- About this exercise
Restate word for word the entries below, starting at the line with "旗振りポイントは任意なのです" and ending at the line with "The Georgia chain". Keep both end lines and omit the pictures.

- Dataset records

BEGIN

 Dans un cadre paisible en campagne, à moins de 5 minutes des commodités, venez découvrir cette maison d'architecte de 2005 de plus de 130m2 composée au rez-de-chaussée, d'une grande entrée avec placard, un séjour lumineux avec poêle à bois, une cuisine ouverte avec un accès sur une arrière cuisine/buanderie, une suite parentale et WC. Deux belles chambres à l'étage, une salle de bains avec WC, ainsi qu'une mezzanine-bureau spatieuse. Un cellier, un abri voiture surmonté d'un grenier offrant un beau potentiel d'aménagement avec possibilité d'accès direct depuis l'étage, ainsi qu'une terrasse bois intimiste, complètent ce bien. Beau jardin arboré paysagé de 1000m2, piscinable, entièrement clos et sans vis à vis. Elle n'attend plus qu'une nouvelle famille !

END
BEGIN

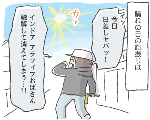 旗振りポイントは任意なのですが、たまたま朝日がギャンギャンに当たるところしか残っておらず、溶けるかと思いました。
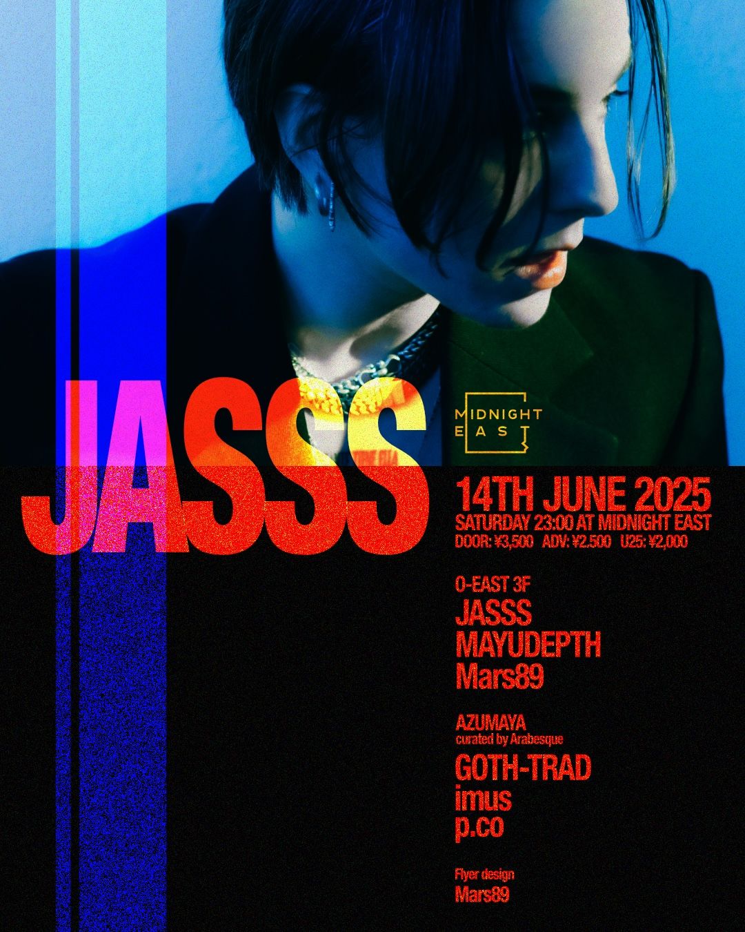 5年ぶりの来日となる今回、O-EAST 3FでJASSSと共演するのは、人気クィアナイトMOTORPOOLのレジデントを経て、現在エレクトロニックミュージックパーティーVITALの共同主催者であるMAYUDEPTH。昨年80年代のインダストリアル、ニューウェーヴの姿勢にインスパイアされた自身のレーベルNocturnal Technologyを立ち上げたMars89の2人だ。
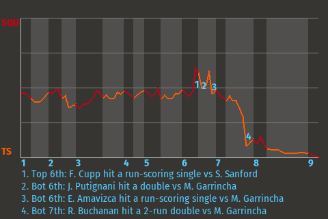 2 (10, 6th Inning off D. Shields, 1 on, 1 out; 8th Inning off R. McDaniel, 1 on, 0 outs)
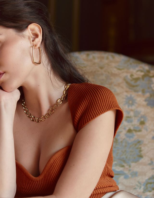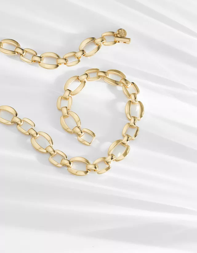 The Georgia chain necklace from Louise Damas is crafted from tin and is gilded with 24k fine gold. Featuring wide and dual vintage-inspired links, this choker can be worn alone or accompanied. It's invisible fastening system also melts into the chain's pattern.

END

- Solution for this problem
 旗振りポイントは任意なのですが、たまたま朝日がギャンギャンに当たるところしか残っておらず、溶けるかと思いました。
 5年ぶりの来日となる今回、O-EAST 3FでJASSSと共演するのは、人気クィアナイトMOTORPOOLのレジデントを経て、現在エレクトロニックミュージックパーティーVITALの共同主催者であるMAYUDEPTH。昨年80年代のインダストリアル、ニューウェーヴの姿勢にインスパイアされた自身のレーベルNocturnal Technologyを立ち上げたMars89の2人だ。
 2 (10, 6th Inning off D. Shields, 1 on, 1 out; 8th Inning off R. McDaniel, 1 on, 0 outs)
 The Georgia chain necklace from Louise Damas is crafted from tin and is gilded with 24k fine gold. Featuring wide and dual vintage-inspired links, this choker can be worn alone or accompanied. It's invisible fastening system also melts into the chain's pattern.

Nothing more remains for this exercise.